Data for this exercise -

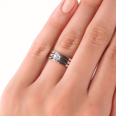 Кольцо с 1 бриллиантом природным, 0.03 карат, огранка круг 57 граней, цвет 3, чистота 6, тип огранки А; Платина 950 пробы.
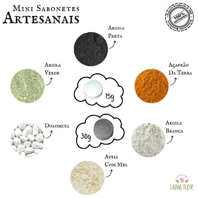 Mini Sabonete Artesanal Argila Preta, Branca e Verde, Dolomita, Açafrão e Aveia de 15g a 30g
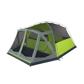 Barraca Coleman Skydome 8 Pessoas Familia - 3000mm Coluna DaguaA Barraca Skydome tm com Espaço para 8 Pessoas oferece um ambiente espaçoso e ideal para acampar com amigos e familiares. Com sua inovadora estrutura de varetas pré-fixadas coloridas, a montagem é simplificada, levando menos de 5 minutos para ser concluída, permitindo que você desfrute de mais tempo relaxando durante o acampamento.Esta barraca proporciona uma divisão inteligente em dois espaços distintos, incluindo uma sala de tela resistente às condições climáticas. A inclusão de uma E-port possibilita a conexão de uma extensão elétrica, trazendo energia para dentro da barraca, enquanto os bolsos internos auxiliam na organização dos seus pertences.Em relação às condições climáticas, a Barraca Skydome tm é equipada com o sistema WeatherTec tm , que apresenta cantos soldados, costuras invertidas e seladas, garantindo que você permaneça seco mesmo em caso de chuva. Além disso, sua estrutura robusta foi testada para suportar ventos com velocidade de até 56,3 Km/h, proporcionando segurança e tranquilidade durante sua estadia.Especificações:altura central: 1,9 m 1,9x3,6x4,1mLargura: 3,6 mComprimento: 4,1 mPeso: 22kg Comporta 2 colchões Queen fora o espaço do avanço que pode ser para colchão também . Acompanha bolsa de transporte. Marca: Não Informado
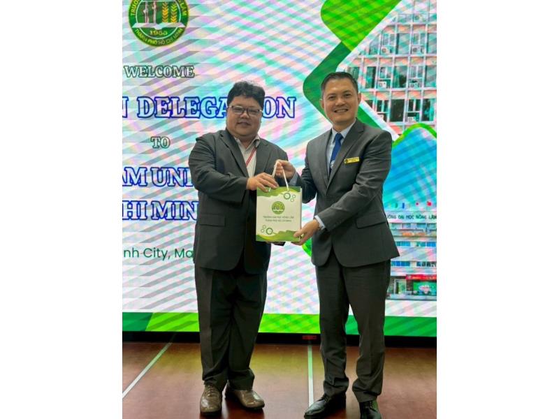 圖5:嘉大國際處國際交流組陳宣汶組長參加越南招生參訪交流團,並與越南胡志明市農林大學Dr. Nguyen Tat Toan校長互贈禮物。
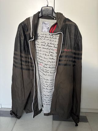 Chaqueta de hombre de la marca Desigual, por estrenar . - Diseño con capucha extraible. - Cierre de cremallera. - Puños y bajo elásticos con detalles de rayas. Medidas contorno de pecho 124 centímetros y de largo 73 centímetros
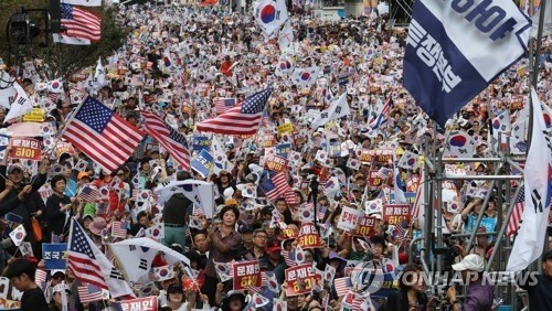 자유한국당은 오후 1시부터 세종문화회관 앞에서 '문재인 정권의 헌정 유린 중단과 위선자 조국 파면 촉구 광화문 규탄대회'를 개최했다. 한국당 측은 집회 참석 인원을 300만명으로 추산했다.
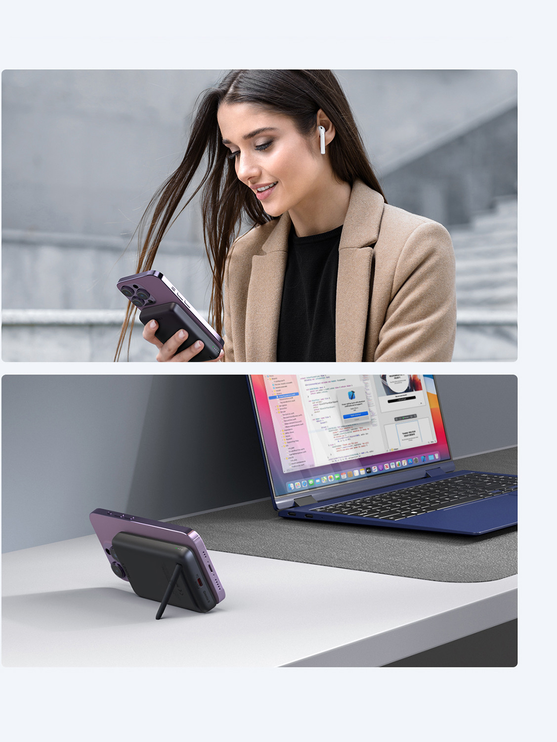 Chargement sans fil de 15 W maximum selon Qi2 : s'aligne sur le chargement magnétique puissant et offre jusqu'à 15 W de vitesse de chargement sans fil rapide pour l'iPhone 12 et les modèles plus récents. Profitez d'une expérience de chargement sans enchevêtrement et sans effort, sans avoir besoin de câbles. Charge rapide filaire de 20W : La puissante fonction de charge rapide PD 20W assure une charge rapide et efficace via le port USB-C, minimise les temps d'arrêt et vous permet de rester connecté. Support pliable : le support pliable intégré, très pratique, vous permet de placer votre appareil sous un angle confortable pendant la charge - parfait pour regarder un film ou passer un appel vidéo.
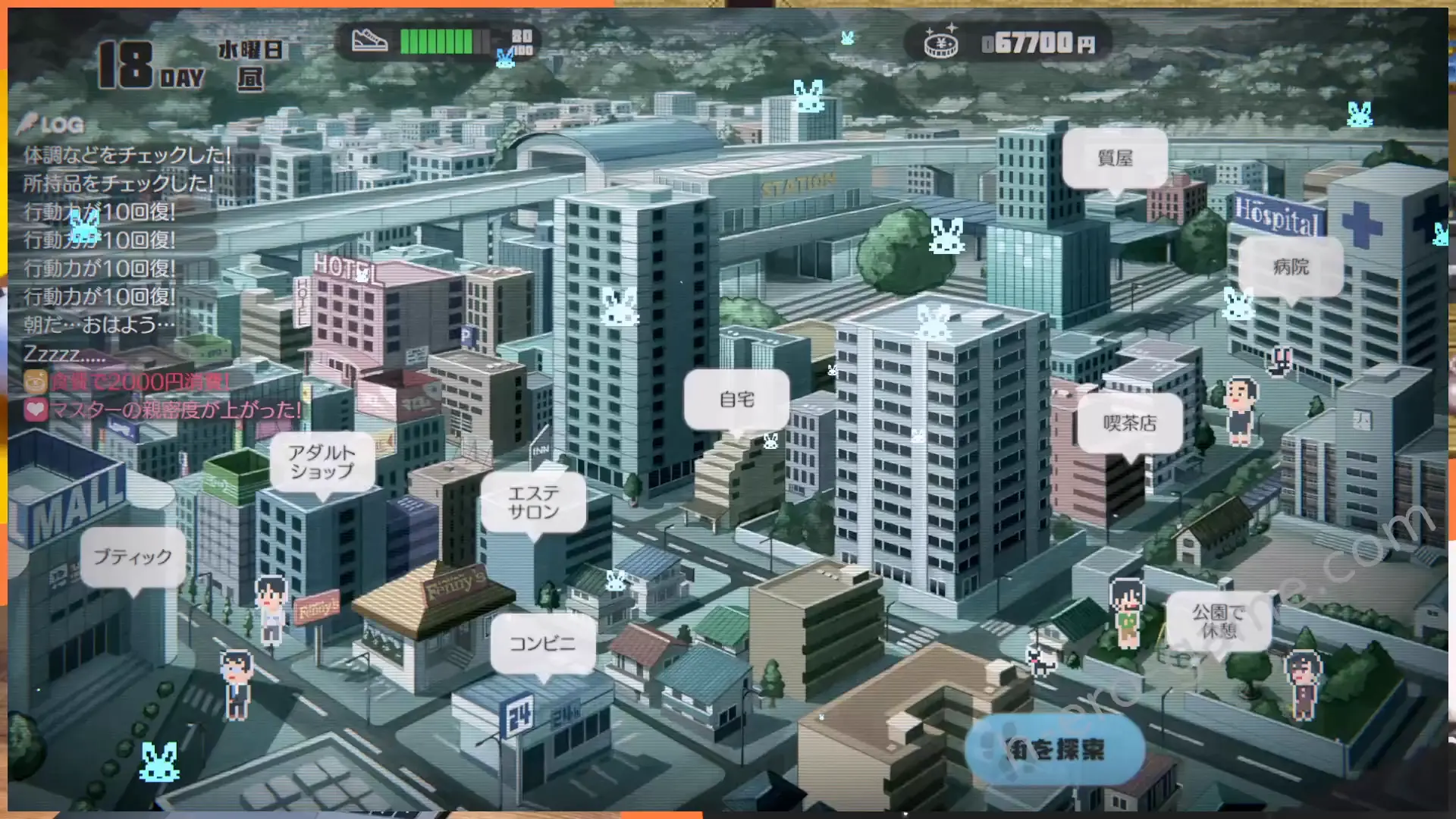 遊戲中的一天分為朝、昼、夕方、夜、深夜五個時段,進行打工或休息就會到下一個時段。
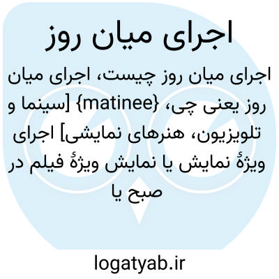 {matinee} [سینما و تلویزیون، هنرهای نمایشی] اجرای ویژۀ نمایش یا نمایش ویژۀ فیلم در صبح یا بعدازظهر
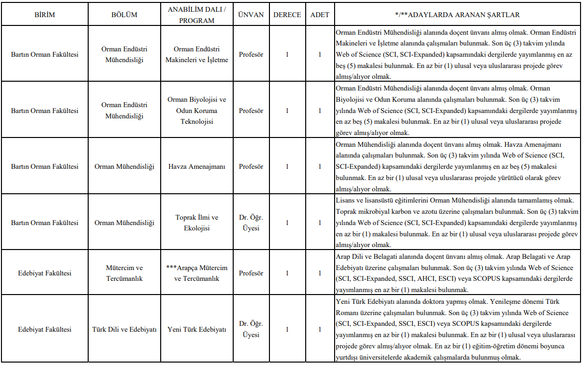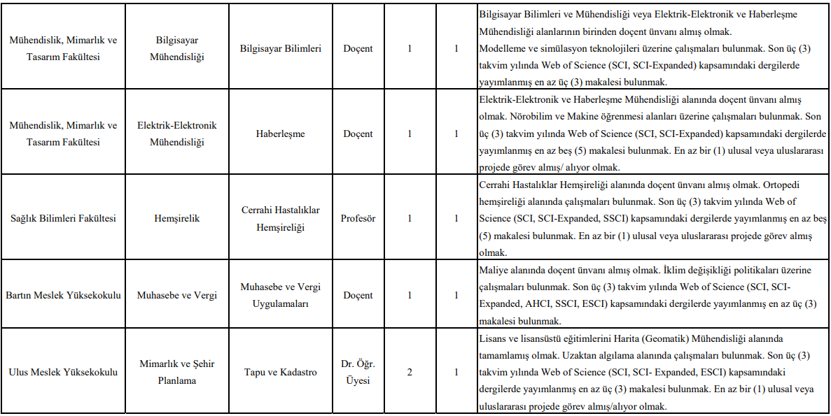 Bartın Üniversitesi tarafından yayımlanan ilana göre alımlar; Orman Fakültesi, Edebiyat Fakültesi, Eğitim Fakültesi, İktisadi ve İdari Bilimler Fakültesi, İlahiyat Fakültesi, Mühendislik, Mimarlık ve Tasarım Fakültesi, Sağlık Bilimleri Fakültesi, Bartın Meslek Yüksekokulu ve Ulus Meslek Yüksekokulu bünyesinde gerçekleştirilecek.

Exercise objective -
Copy the records exactly, minus any pictures.

Result -
 Кольцо с 1 бриллиантом природным, 0.03 карат, огранка круг 57 граней, цвет 3, чистота 6, тип огранки А; Платина 950 пробы.
 Mini Sabonete Artesanal Argila Preta, Branca e Verde, Dolomita, Açafrão e Aveia de 15g a 30g
 Barraca Coleman Skydome 8 Pessoas Familia - 3000mm Coluna DaguaA Barraca Skydome tm com Espaço para 8 Pessoas oferece um ambiente espaçoso e ideal para acampar com amigos e familiares. Com sua inovadora estrutura de varetas pré-fixadas coloridas, a montagem é simplificada, levando menos de 5 minutos para ser concluída, permitindo que você desfrute de mais tempo relaxando durante o acampamento.Esta barraca proporciona uma divisão inteligente em dois espaços distintos, incluindo uma sala de tela resistente às condições climáticas. A inclusão de uma E-port possibilita a conexão de uma extensão elétrica, trazendo energia para dentro da barraca, enquanto os bolsos internos auxiliam na organização dos seus pertences.Em relação às condições climáticas, a Barraca Skydome tm é equipada com o sistema WeatherTec tm , que apresenta cantos soldados, costuras invertidas e seladas, garantindo que você permaneça seco mesmo em caso de chuva. Além disso, sua estrutura robusta foi testada para suportar ventos com velocidade de até 56,3 Km/h, proporcionando segurança e tranquilidade durante sua estadia.Especificações:altura central: 1,9 m 1,9x3,6x4,1mLargura: 3,6 mComprimento: 4,1 mPeso: 22kg Comporta 2 colchões Queen fora o espaço do avanço que pode ser para colchão também . Acompanha bolsa de transporte. Marca: Não Informado
 圖5:嘉大國際處國際交流組陳宣汶組長參加越南招生參訪交流團,並與越南胡志明市農林大學Dr. Nguyen Tat Toan校長互贈禮物。
 Chaqueta de hombre de la marca Desigual, por estrenar . - Diseño con capucha extraible. - Cierre de cremallera. - Puños y bajo elásticos con detalles de rayas. Medidas contorno de pecho 124 centímetros y de largo 73 centímetros
 자유한국당은 오후 1시부터 세종문화회관 앞에서 '문재인 정권의 헌정 유린 중단과 위선자 조국 파면 촉구 광화문 규탄대회'를 개최했다. 한국당 측은 집회 참석 인원을 300만명으로 추산했다.
 Chargement sans fil de 15 W maximum selon Qi2 : s'aligne sur le chargement magnétique puissant et offre jusqu'à 15 W de vitesse de chargement sans fil rapide pour l'iPhone 12 et les modèles plus récents. Profitez d'une expérience de chargement sans enchevêtrement et sans effort, sans avoir besoin de câbles. Charge rapide filaire de 20W : La puissante fonction de charge rapide PD 20W assure une charge rapide et efficace via le port USB-C, minimise les temps d'arrêt et vous permet de rester connecté. Support pliable : le support pliable intégré, très pratique, vous permet de placer votre appareil sous un angle confortable pendant la charge - parfait pour regarder un film ou passer un appel vidéo.
 遊戲中的一天分為朝、昼、夕方、夜、深夜五個時段,進行打工或休息就會到下一個時段。
 {matinee} [سینما و تلویزیون، هنرهای نمایشی] اجرای ویژۀ نمایش یا نمایش ویژۀ فیلم در صبح یا بعدازظهر
 Bartın Üniversitesi tarafından yayımlanan ilana göre alımlar; Orman Fakültesi, Edebiyat Fakültesi, Eğitim Fakültesi, İktisadi ve İdari Bilimler Fakültesi, İlahiyat Fakültesi, Mühendislik, Mimarlık ve Tasarım Fakültesi, Sağlık Bilimleri Fakültesi, Bartın Meslek Yüksekokulu ve Ulus Meslek Yüksekokulu bünyesinde gerçekleştirilecek.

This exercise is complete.